- _Records for the task_:
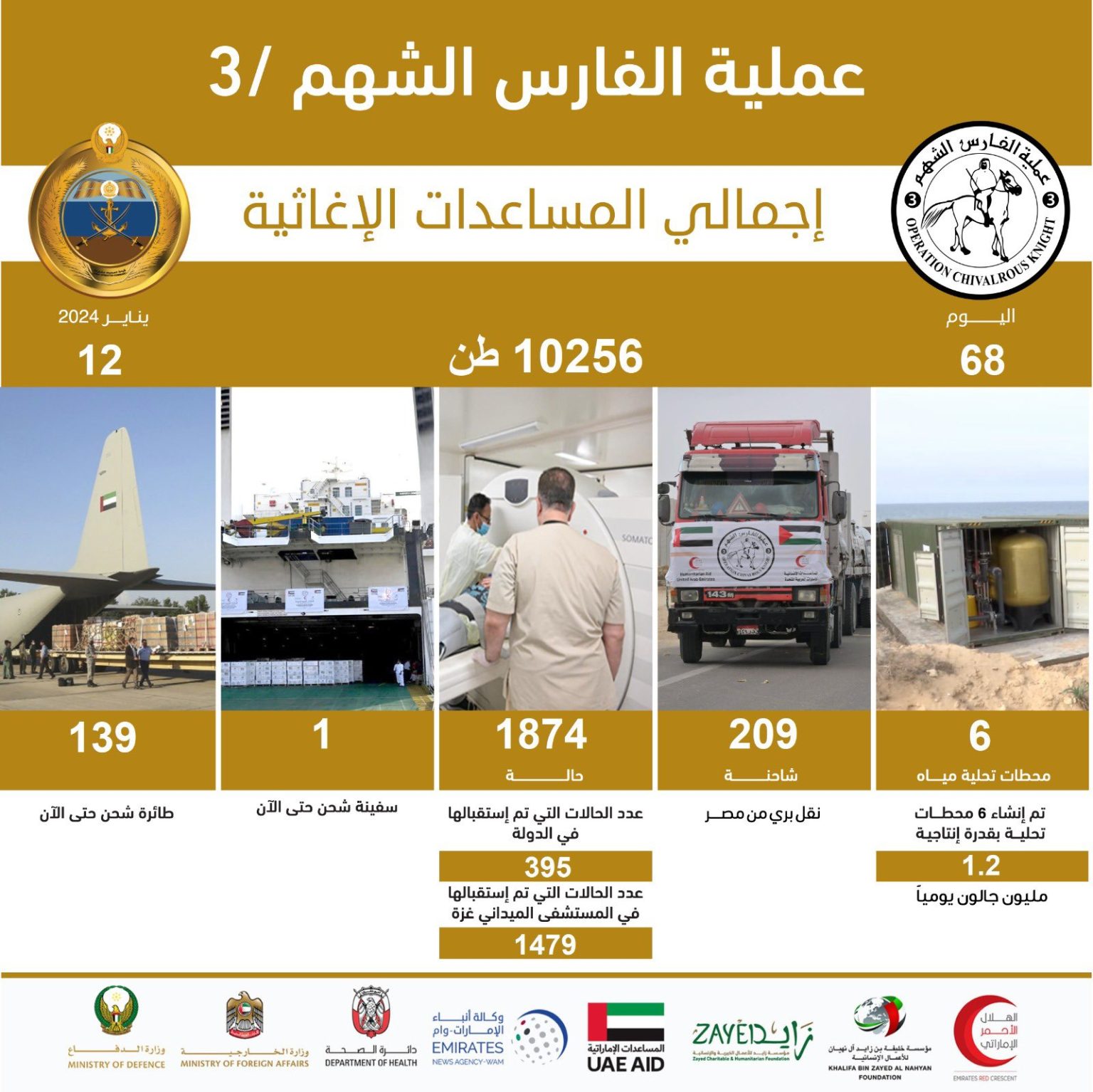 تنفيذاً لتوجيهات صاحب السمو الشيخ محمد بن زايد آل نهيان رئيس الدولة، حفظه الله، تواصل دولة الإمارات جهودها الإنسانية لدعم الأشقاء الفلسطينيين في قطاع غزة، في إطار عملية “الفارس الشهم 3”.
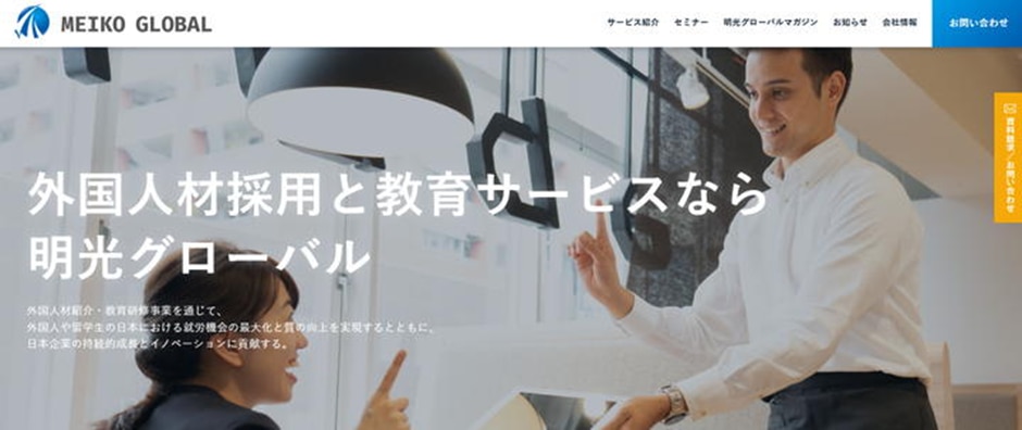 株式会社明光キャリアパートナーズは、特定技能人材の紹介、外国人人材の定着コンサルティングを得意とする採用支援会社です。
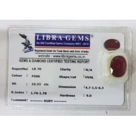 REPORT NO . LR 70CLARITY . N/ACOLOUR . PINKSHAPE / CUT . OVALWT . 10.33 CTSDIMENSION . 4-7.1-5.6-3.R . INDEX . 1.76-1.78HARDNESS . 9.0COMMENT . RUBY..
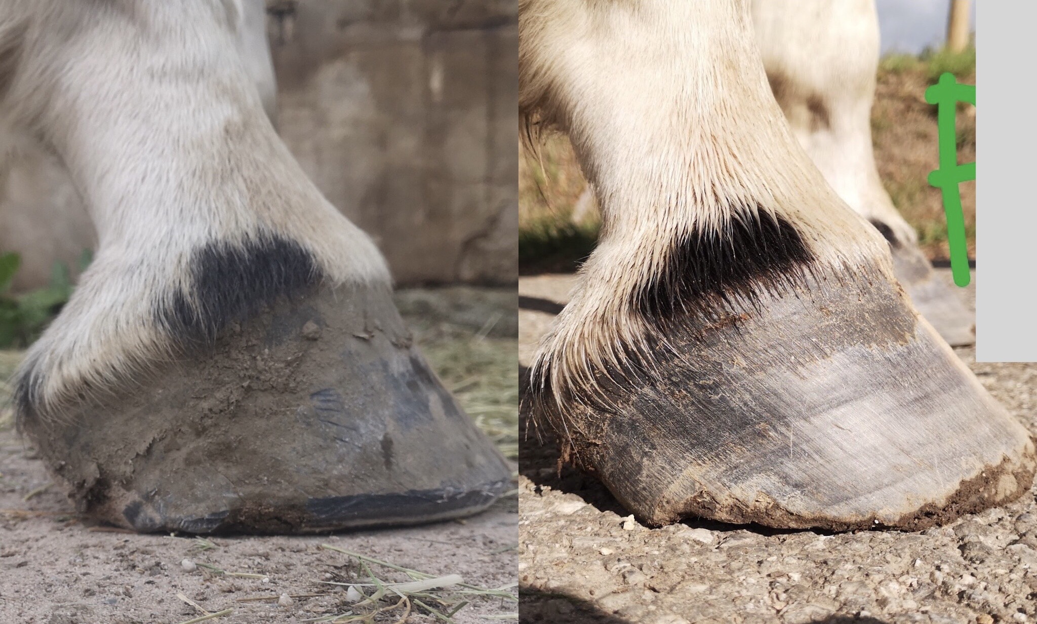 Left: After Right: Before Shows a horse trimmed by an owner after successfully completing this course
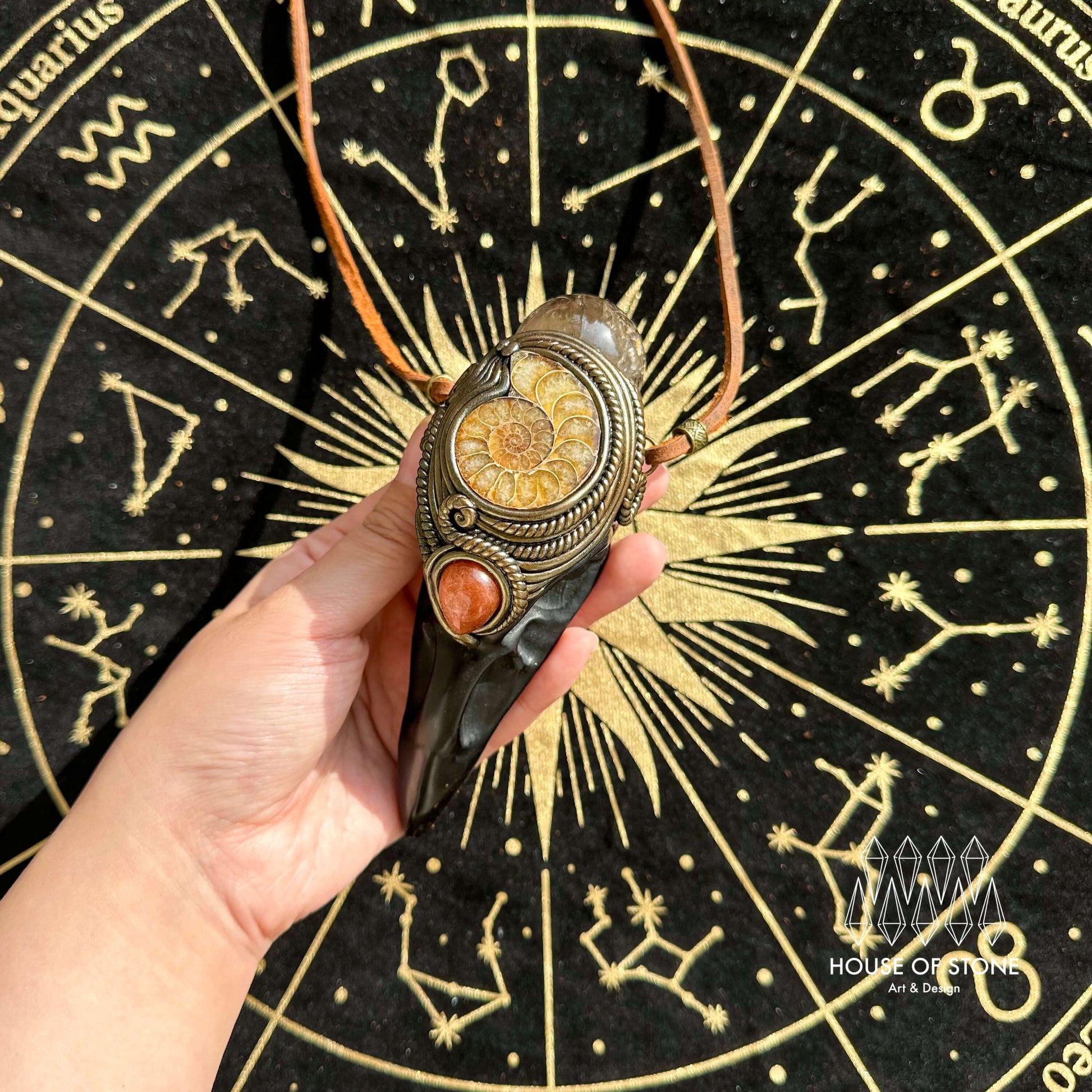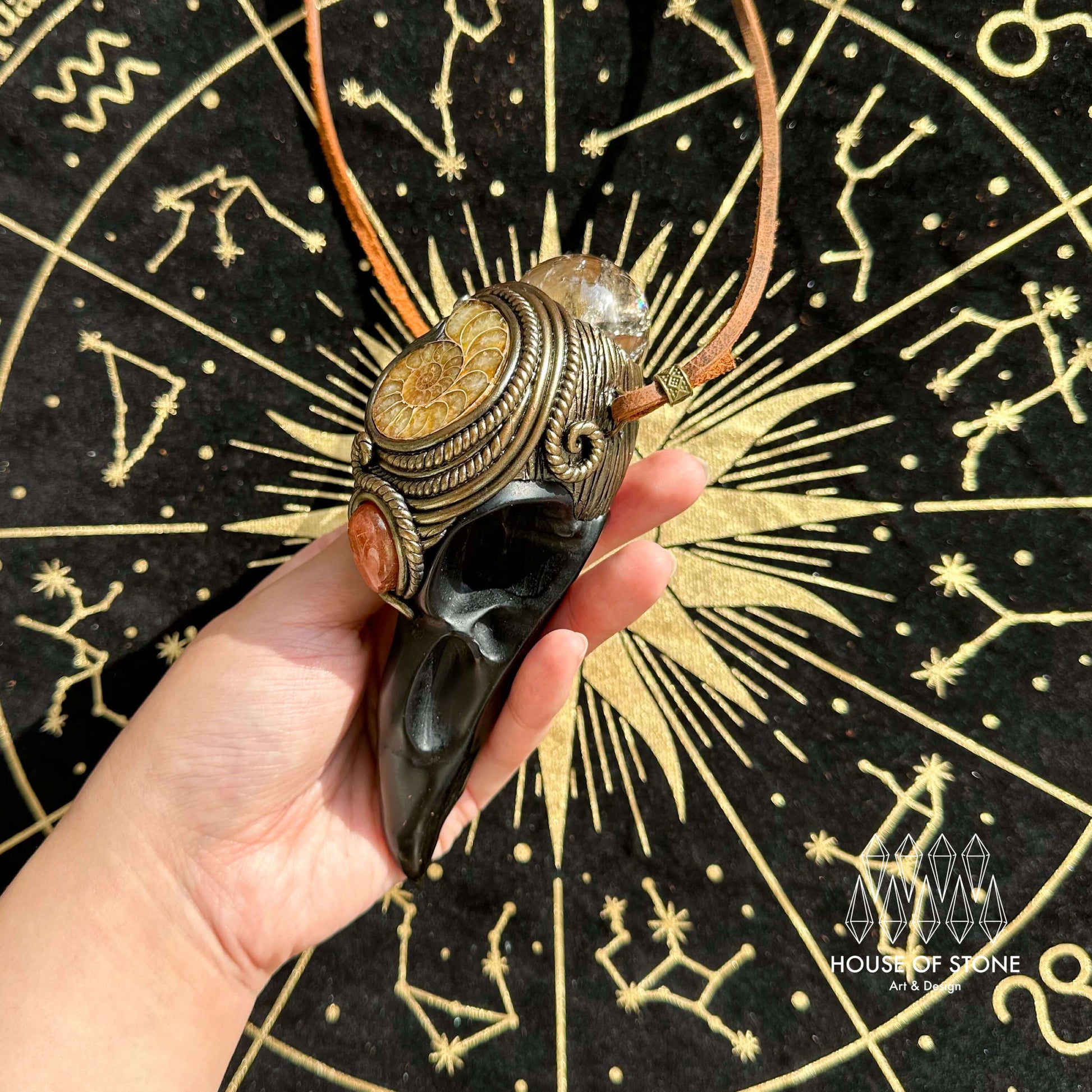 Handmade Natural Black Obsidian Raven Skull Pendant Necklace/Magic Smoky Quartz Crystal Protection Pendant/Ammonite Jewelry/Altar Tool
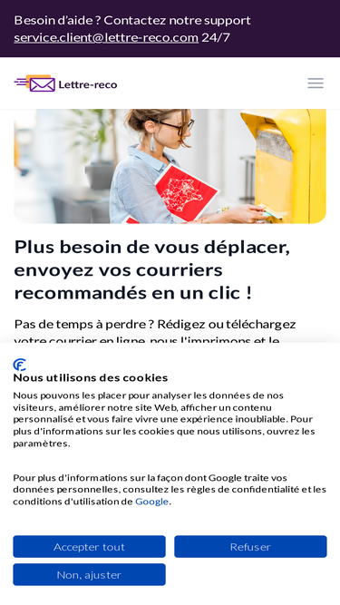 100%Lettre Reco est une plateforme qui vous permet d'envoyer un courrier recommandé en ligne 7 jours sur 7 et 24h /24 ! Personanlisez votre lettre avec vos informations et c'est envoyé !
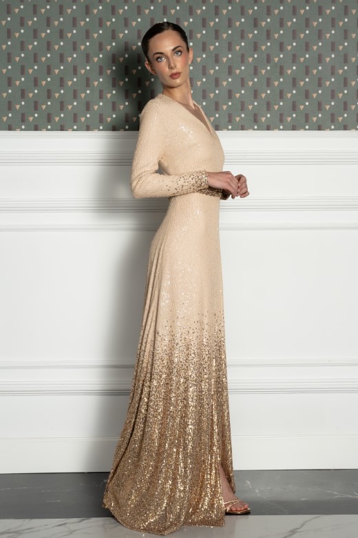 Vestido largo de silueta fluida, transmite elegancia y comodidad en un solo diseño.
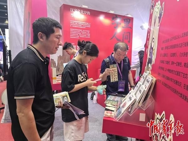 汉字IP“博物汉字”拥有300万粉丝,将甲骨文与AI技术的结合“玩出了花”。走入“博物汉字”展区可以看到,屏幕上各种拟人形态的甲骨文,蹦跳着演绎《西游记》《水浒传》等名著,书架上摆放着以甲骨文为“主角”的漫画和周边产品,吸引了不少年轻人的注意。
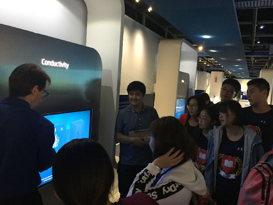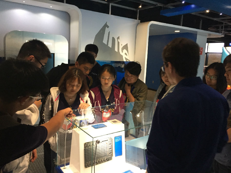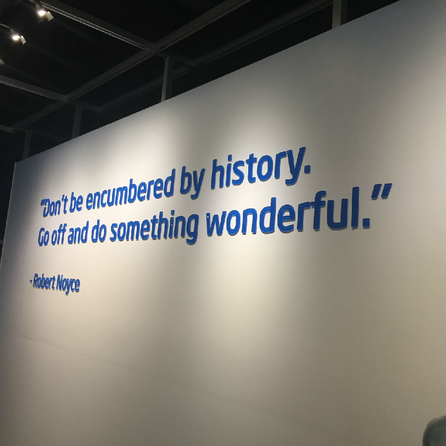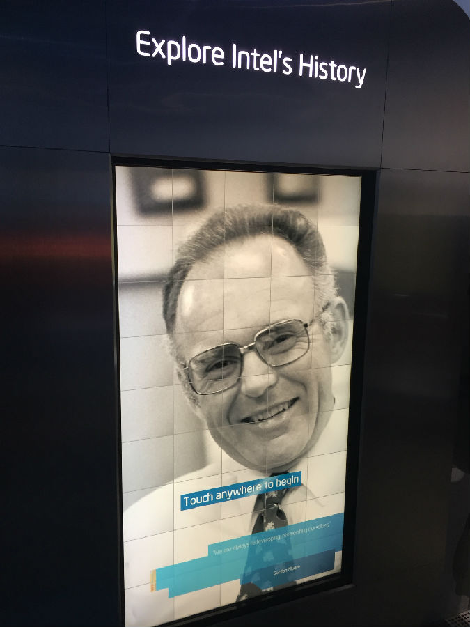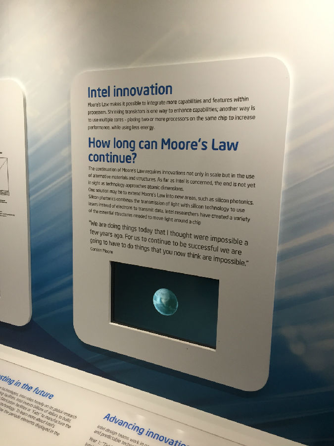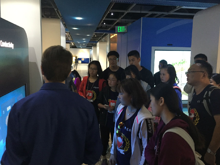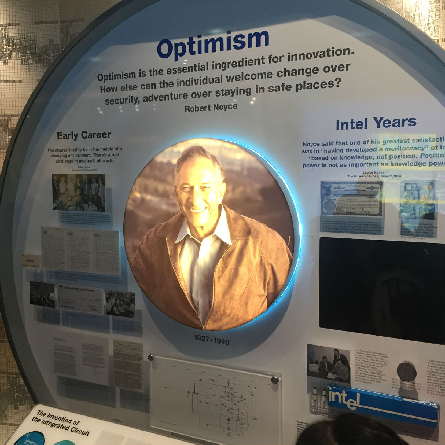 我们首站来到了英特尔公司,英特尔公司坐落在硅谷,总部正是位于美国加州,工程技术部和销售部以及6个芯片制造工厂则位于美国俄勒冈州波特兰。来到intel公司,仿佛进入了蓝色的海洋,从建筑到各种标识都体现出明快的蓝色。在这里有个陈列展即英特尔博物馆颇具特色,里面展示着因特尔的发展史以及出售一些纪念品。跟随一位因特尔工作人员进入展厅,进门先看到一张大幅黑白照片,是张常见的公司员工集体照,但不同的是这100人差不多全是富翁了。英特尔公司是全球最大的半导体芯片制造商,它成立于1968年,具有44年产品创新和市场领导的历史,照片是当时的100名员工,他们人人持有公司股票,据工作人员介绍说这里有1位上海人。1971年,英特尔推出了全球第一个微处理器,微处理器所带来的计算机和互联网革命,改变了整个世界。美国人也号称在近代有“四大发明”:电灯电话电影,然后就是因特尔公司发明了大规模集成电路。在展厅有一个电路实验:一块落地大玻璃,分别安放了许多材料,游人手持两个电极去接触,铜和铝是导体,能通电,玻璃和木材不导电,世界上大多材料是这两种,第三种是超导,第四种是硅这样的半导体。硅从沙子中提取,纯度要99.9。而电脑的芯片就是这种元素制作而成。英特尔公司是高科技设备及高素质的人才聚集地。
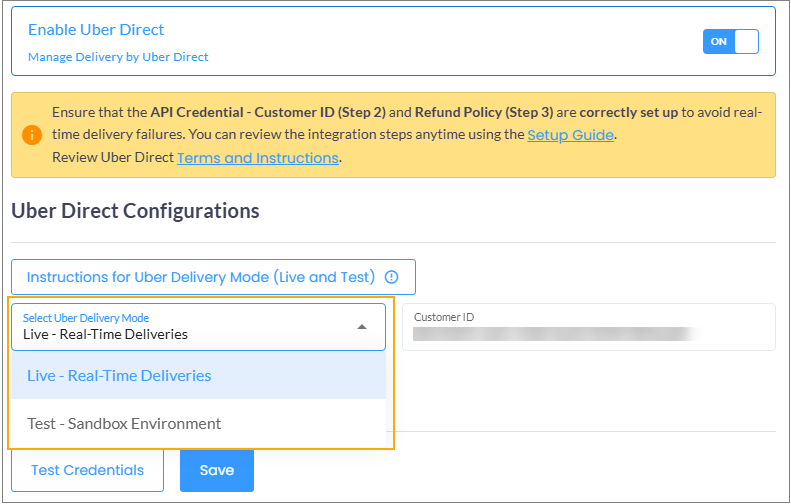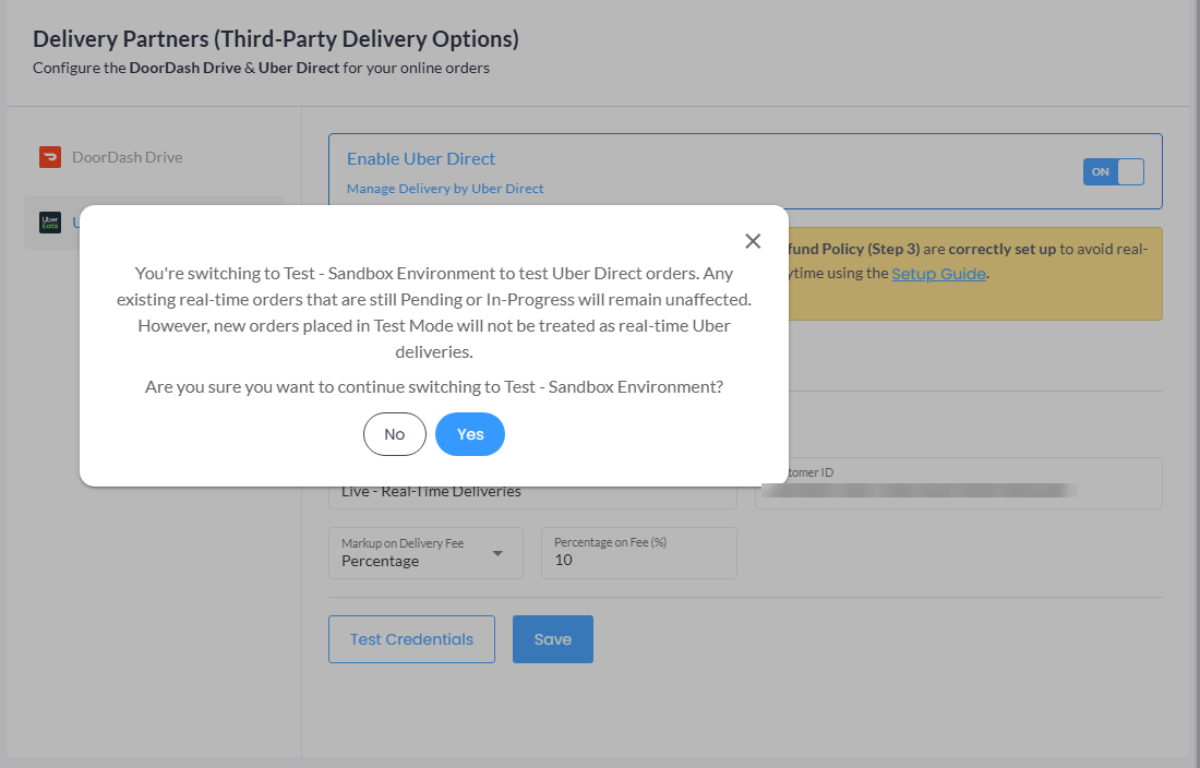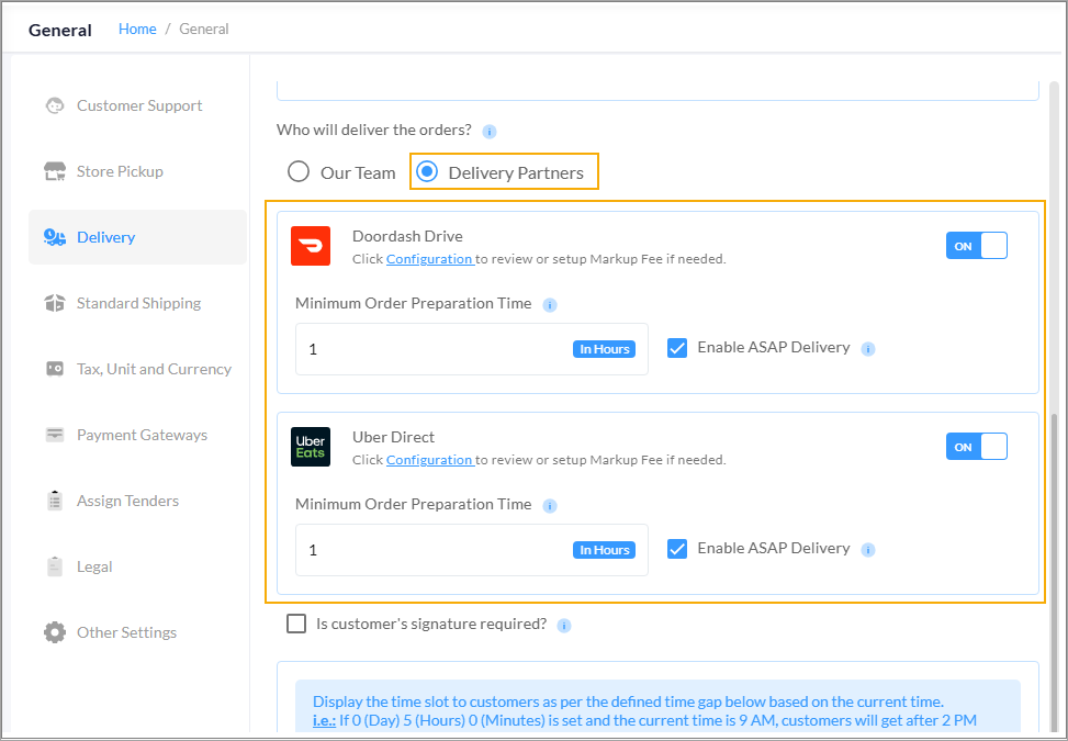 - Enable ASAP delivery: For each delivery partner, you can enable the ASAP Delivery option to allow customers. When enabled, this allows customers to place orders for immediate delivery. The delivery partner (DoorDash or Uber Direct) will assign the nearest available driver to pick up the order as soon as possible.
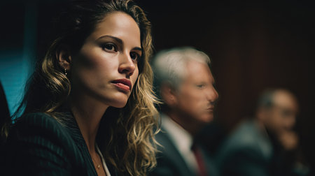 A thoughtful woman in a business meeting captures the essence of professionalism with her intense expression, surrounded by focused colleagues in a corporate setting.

- _What you need to do_: Write out exactly the lines of the material above, starting with the first and finishing with the line that contains "我们首站来到了英特尔公司,英", without pictures.

- _Answer_:
 تنفيذاً لتوجيهات صاحب السمو الشيخ محمد بن زايد آل نهيان رئيس الدولة، حفظه الله، تواصل دولة الإمارات جهودها الإنسانية لدعم الأشقاء الفلسطينيين في قطاع غزة، في إطار عملية “الفارس الشهم 3”.
 株式会社明光キャリアパートナーズは、特定技能人材の紹介、外国人人材の定着コンサルティングを得意とする採用支援会社です。
 REPORT NO . LR 70CLARITY . N/ACOLOUR . PINKSHAPE / CUT . OVALWT . 10.33 CTSDIMENSION . 4-7.1-5.6-3.R . INDEX . 1.76-1.78HARDNESS . 9.0COMMENT . RUBY..
 Left: After Right: Before Shows a horse trimmed by an owner after successfully completing this course
 Handmade Natural Black Obsidian Raven Skull Pendant Necklace/Magic Smoky Quartz Crystal Protection Pendant/Ammonite Jewelry/Altar Tool
 100%Lettre Reco est une plateforme qui vous permet d'envoyer un courrier recommandé en ligne 7 jours sur 7 et 24h /24 ! Personanlisez votre lettre avec vos informations et c'est envoyé !
 Vestido largo de silueta fluida, transmite elegancia y comodidad en un solo diseño.
 汉字IP“博物汉字”拥有300万粉丝,将甲骨文与AI技术的结合“玩出了花”。走入“博物汉字”展区可以看到,屏幕上各种拟人形态的甲骨文,蹦跳着演绎《西游记》《水浒传》等名著,书架上摆放着以甲骨文为“主角”的漫画和周边产品,吸引了不少年轻人的注意。
 我们首站来到了英特尔公司,英特尔公司坐落在硅谷,总部正是位于美国加州,工程技术部和销售部以及6个芯片制造工厂则位于美国俄勒冈州波特兰。来到intel公司,仿佛进入了蓝色的海洋,从建筑到各种标识都体现出明快的蓝色。在这里有个陈列展即英特尔博物馆颇具特色,里面展示着因特尔的发展史以及出售一些纪念品。跟随一位因特尔工作人员进入展厅,进门先看到一张大幅黑白照片,是张常见的公司员工集体照,但不同的是这100人差不多全是富翁了。英特尔公司是全球最大的半导体芯片制造商,它成立于1968年,具有44年产品创新和市场领导的历史,照片是当时的100名员工,他们人人持有公司股票,据工作人员介绍说这里有1位上海人。1971年,英特尔推出了全球第一个微处理器,微处理器所带来的计算机和互联网革命,改变了整个世界。美国人也号称在近代有“四大发明”:电灯电话电影,然后就是因特尔公司发明了大规模集成电路。在展厅有一个电路实验:一块落地大玻璃,分别安放了许多材料,游人手持两个电极去接触,铜和铝是导体,能通电,玻璃和木材不导电,世界上大多材料是这两种,第三种是超导,第四种是硅这样的半导体。硅从沙子中提取,纯度要99.9。而电脑的芯片就是这种元素制作而成。英特尔公司是高科技设备及高素质的人才聚集地。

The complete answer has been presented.